# Apple Developer Connection



## ipan (24 Août 2010)

Bonjour

Je souhaite m'inscrire sur l' Apple Developer Connection pour des logiciels mac.

Quels sont les avantages ? les inconvénient ?

J'ai entendu dire qu'il y a une réduction de 20 % sur le matériel acheté ?
La machine a elle un usage restreint ?
Y a t'il une limitation des quota d'achat ?

les avantages pour dev mac et iphone sont ils les meme ? (réduc)

Merci d'avance
Cordialement


----------



## Diablovic (24 Août 2010)

Bonjour,

avec les programmes actuels, plus de réduction (cf ici)


----------



## Céroce (24 Août 2010)

Franchement, je me suis inscrit pour le développement Mac, et je regrette.

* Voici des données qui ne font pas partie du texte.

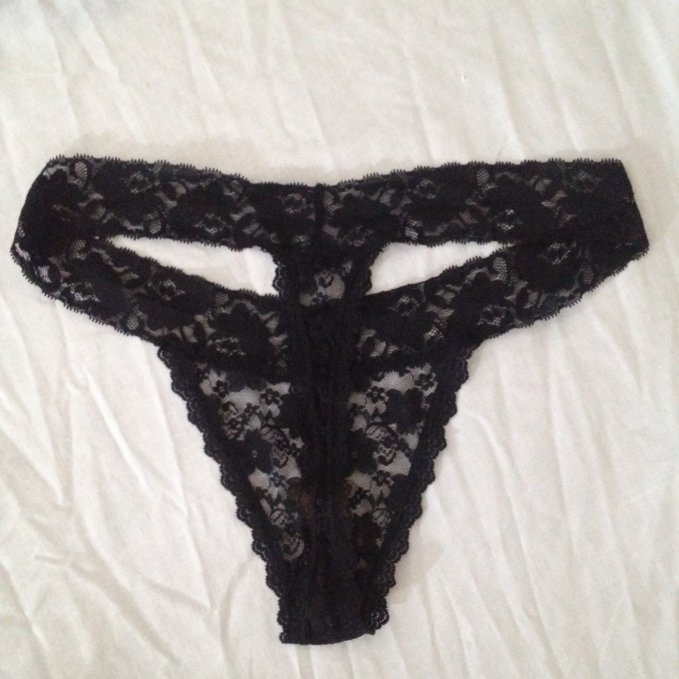 Lovely black lace thong, worn for 3 days consecutively. I've worn this pair to work, before and after sex, as well as to a fetish event, where everyone could admire my ass ;)

Comme l'indique Diablovic, il n'y a plus de réduction sur le matos.
Mais surtout, voici les avantages qu'il reste:
- accès aux bétas de Mac OS X (perso, je n'ai pas les moyens de me payer un ordi juste pour essayer la béta, et pas trop le temps non plus).
- accès au forum Apple: je n'y vais jamais. Il y a peu de questions et les ingés d'Apple y répondent rarement.
- tu peux tester ton logiciel sur le ordis des labos d'Apple. Il faut juste payer le billet d'avion pour San Francisco ou Tokyo.
- tu as droit à être assisté par un ingé d'Apple 2 fois dans l'année: ça c'est intéressant.


Je crois que c'est tout.


----------



## ipan (26 Août 2010)

ok et ba ce sera sans moi si il n'y a pas de réduc !

je prendrais un compte pour ios d'ici quelques temps alors

merci les gars !


----------